# Provided information:
☆ ☆ ☆ ☆ ☆

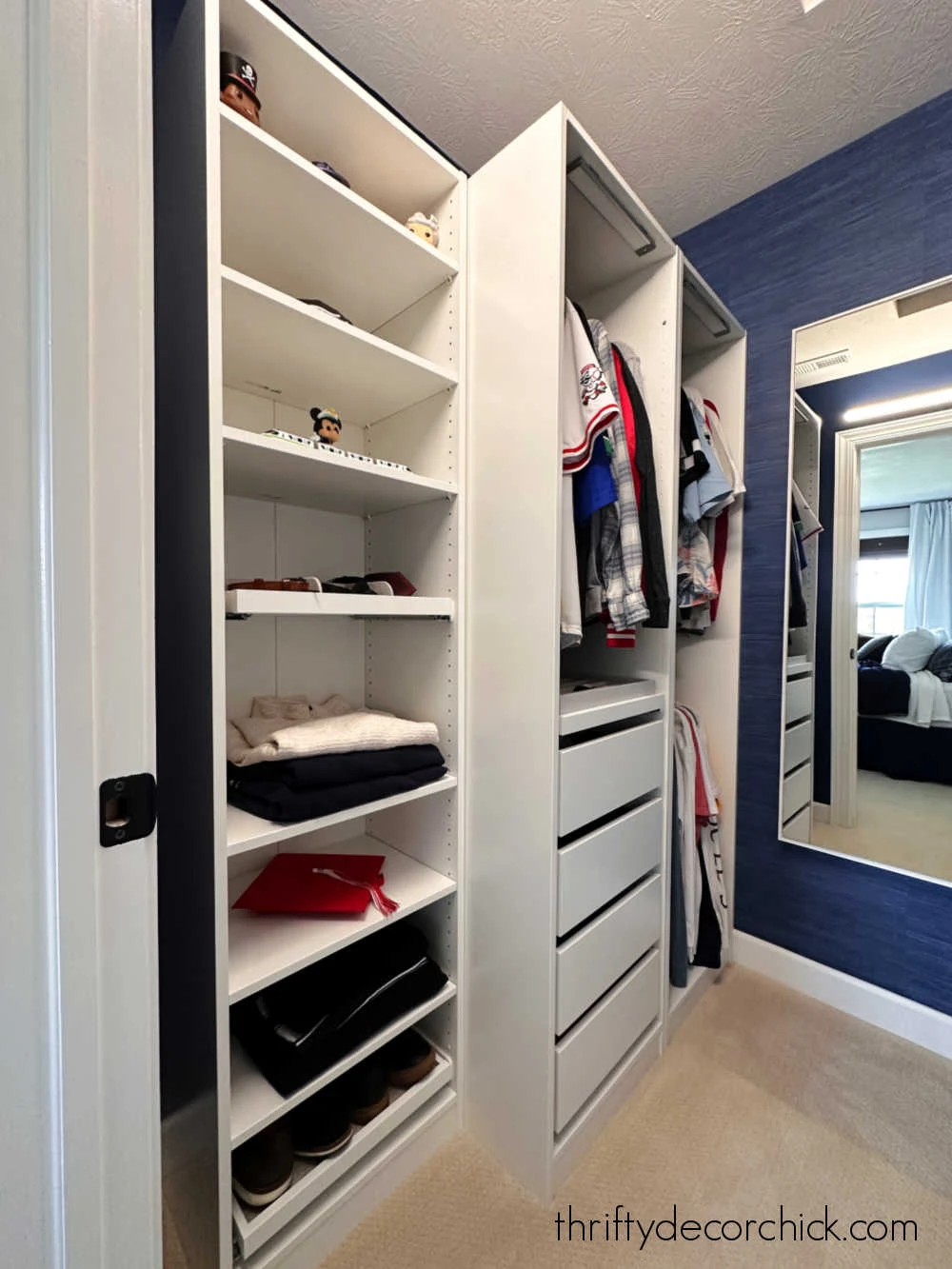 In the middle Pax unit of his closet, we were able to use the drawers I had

☆ ☆ ☆ ☆ ☆

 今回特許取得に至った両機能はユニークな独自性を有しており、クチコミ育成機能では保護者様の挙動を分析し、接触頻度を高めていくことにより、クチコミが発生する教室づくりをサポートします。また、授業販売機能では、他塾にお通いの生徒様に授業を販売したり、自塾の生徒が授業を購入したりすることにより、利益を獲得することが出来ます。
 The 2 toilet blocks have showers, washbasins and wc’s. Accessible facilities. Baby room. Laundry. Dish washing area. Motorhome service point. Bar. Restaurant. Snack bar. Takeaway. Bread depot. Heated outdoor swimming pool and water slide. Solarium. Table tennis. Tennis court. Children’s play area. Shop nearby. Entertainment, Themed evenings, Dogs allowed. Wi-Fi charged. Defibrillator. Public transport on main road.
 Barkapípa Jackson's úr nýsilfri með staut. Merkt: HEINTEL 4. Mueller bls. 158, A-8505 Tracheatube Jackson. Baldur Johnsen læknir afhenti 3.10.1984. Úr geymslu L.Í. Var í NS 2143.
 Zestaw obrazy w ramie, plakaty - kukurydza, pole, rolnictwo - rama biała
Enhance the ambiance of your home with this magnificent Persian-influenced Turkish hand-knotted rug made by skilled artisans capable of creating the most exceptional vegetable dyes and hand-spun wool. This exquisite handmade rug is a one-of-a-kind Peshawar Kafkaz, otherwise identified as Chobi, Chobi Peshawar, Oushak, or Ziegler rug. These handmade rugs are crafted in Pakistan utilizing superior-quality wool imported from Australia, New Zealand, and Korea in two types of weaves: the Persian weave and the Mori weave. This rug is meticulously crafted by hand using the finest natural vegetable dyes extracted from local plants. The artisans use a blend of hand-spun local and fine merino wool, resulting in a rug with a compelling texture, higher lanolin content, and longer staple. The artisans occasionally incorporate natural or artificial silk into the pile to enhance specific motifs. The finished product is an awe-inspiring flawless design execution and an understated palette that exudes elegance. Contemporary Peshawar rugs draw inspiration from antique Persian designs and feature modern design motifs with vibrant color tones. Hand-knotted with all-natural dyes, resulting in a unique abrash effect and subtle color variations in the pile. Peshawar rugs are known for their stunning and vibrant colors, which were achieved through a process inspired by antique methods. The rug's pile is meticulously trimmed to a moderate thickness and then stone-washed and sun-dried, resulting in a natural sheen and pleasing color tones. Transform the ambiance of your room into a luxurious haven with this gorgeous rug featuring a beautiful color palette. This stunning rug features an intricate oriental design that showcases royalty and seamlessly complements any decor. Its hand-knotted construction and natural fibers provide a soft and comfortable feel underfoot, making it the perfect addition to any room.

☆ ☆ ☆ ☆ ☆

Please copy the lines in the records above between the one holding "今回特許取得に至った両機能は" and the one holding "The 2 toilet", inclusive, exactly and with no other line.

 今回特許取得に至った両機能はユニークな独自性を有しており、クチコミ育成機能では保護者様の挙動を分析し、接触頻度を高めていくことにより、クチコミが発生する教室づくりをサポートします。また、授業販売機能では、他塾にお通いの生徒様に授業を販売したり、自塾の生徒が授業を購入したりすることにより、利益を獲得することが出来ます。
 The 2 toilet blocks have showers, washbasins and wc’s. Accessible facilities. Baby room. Laundry. Dish washing area. Motorhome service point. Bar. Restaurant. Snack bar. Takeaway. Bread depot. Heated outdoor swimming pool and water slide. Solarium. Table tennis. Tennis court. Children’s play area. Shop nearby. Entertainment, Themed evenings, Dogs allowed. Wi-Fi charged. Defibrillator. Public transport on main road.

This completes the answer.